■ **Required work**
Quote exactly and only this range of lines in the data below: the line that holds "The star of" to the line that holds "仪式上,校党委副书记杜方波、", both included.

** Exercise materials follows **

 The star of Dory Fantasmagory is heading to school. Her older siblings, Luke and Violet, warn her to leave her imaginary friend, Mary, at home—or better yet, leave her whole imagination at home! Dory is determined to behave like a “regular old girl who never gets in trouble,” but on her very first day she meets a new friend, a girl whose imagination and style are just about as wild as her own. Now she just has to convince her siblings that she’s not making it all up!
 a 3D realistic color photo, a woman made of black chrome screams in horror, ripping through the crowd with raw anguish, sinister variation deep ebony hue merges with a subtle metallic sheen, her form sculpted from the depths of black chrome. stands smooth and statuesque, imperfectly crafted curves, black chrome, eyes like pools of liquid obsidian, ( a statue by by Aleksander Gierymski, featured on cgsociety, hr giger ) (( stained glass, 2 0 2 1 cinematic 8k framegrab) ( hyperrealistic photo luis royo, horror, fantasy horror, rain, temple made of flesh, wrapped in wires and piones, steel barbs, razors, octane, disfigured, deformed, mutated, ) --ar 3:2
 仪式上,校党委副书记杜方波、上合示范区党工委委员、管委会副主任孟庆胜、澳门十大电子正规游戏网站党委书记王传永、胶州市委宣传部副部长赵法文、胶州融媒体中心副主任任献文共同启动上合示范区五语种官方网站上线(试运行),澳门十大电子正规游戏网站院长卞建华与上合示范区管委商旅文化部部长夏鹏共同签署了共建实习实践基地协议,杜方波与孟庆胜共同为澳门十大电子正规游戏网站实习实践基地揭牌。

** End of Exercise materials **
** Exercise materials follows **

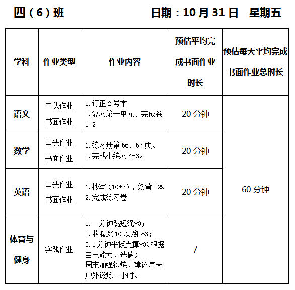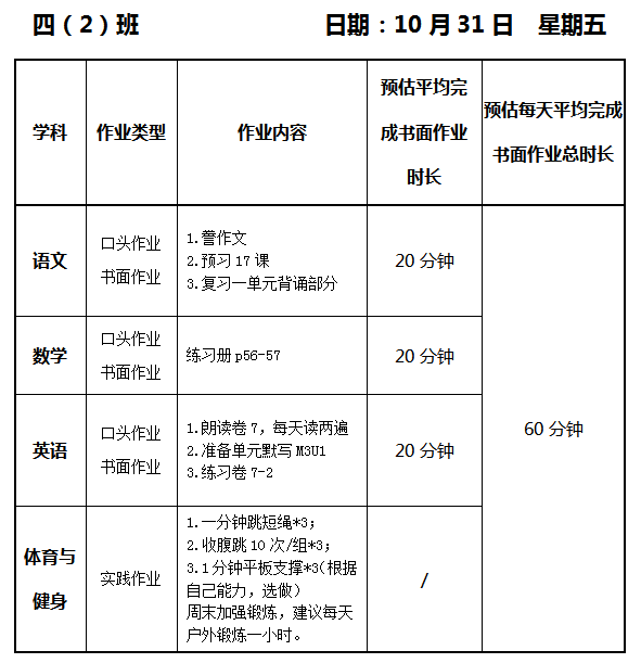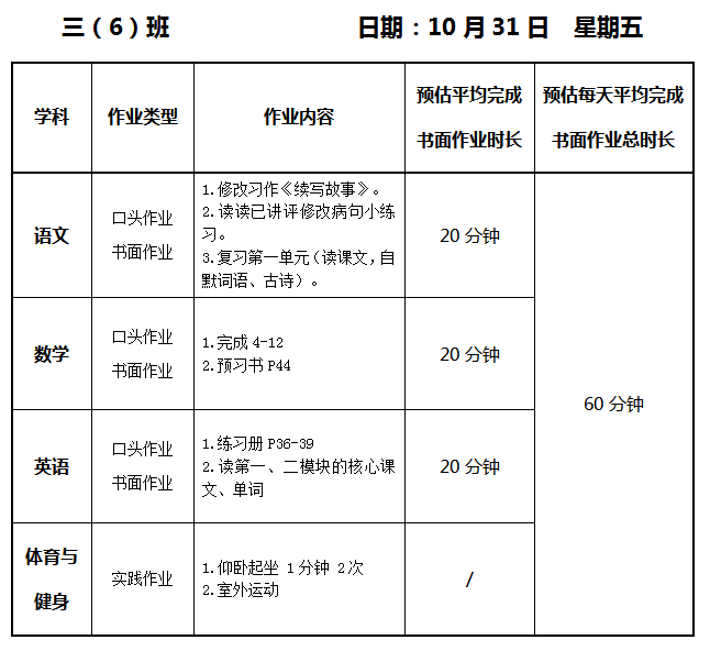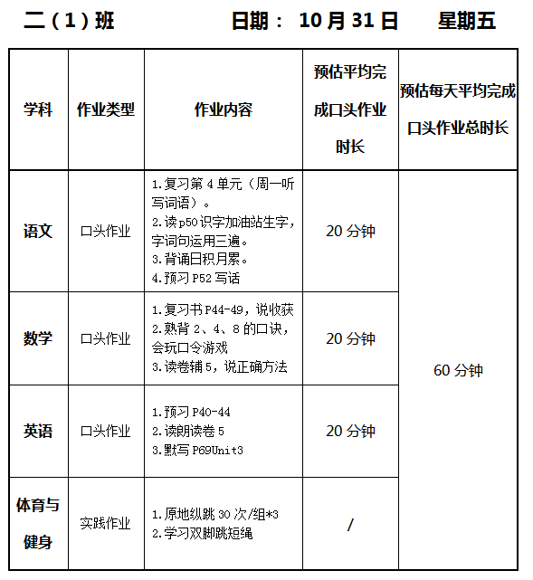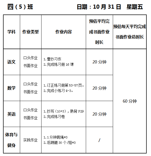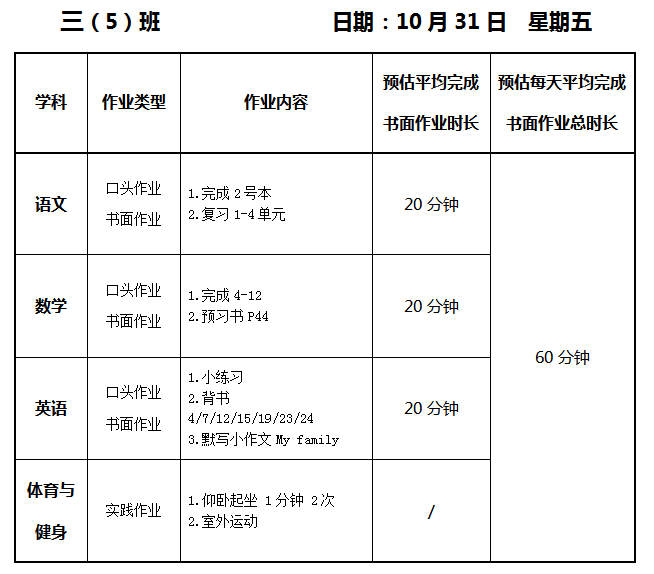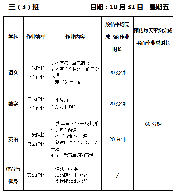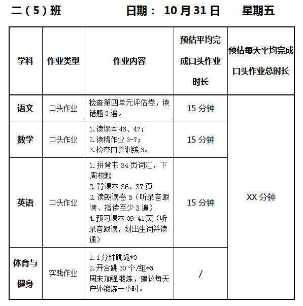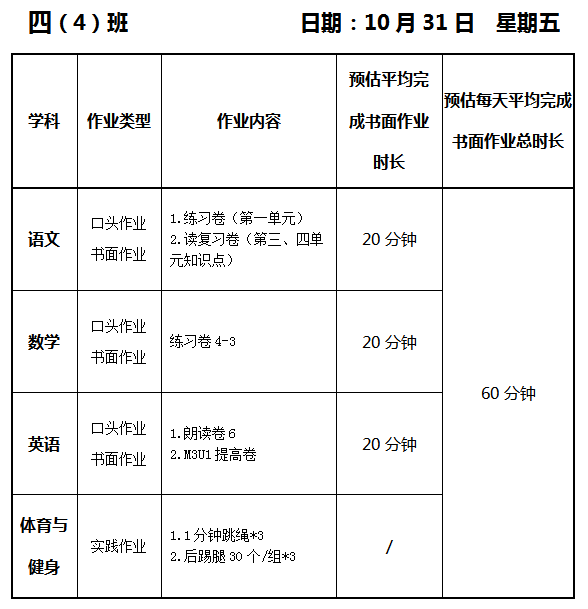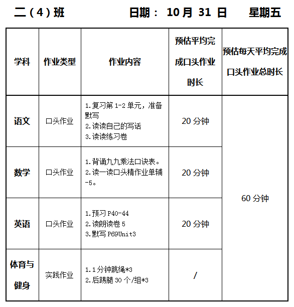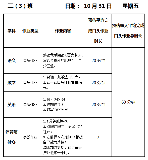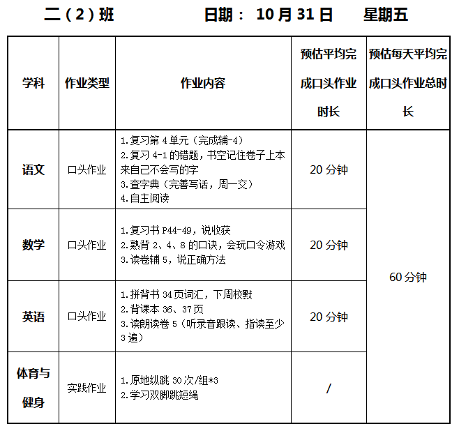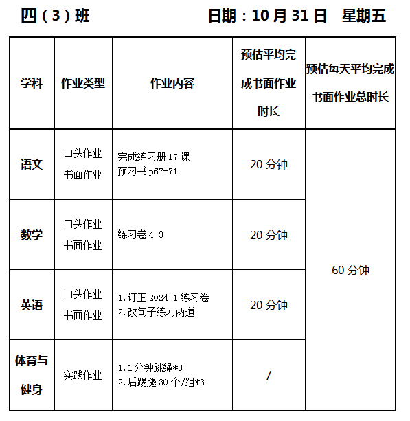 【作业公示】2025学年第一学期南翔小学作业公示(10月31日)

** End of Exercise materials **

■ **Finished exercise**
 The star of Dory Fantasmagory is heading to school. Her older siblings, Luke and Violet, warn her to leave her imaginary friend, Mary, at home—or better yet, leave her whole imagination at home! Dory is determined to behave like a “regular old girl who never gets in trouble,” but on her very first day she meets a new friend, a girl whose imagination and style are just about as wild as her own. Now she just has to convince her siblings that she’s not making it all up!
 a 3D realistic color photo, a woman made of black chrome screams in horror, ripping through the crowd with raw anguish, sinister variation deep ebony hue merges with a subtle metallic sheen, her form sculpted from the depths of black chrome. stands smooth and statuesque, imperfectly crafted curves, black chrome, eyes like pools of liquid obsidian, ( a statue by by Aleksander Gierymski, featured on cgsociety, hr giger ) (( stained glass, 2 0 2 1 cinematic 8k framegrab) ( hyperrealistic photo luis royo, horror, fantasy horror, rain, temple made of flesh, wrapped in wires and piones, steel barbs, razors, octane, disfigured, deformed, mutated, ) --ar 3:2
 仪式上,校党委副书记杜方波、上合示范区党工委委员、管委会副主任孟庆胜、澳门十大电子正规游戏网站党委书记王传永、胶州市委宣传部副部长赵法文、胶州融媒体中心副主任任献文共同启动上合示范区五语种官方网站上线(试运行),澳门十大电子正规游戏网站院长卞建华与上合示范区管委商旅文化部部长夏鹏共同签署了共建实习实践基地协议,杜方波与孟庆胜共同为澳门十大电子正规游戏网站实习实践基地揭牌。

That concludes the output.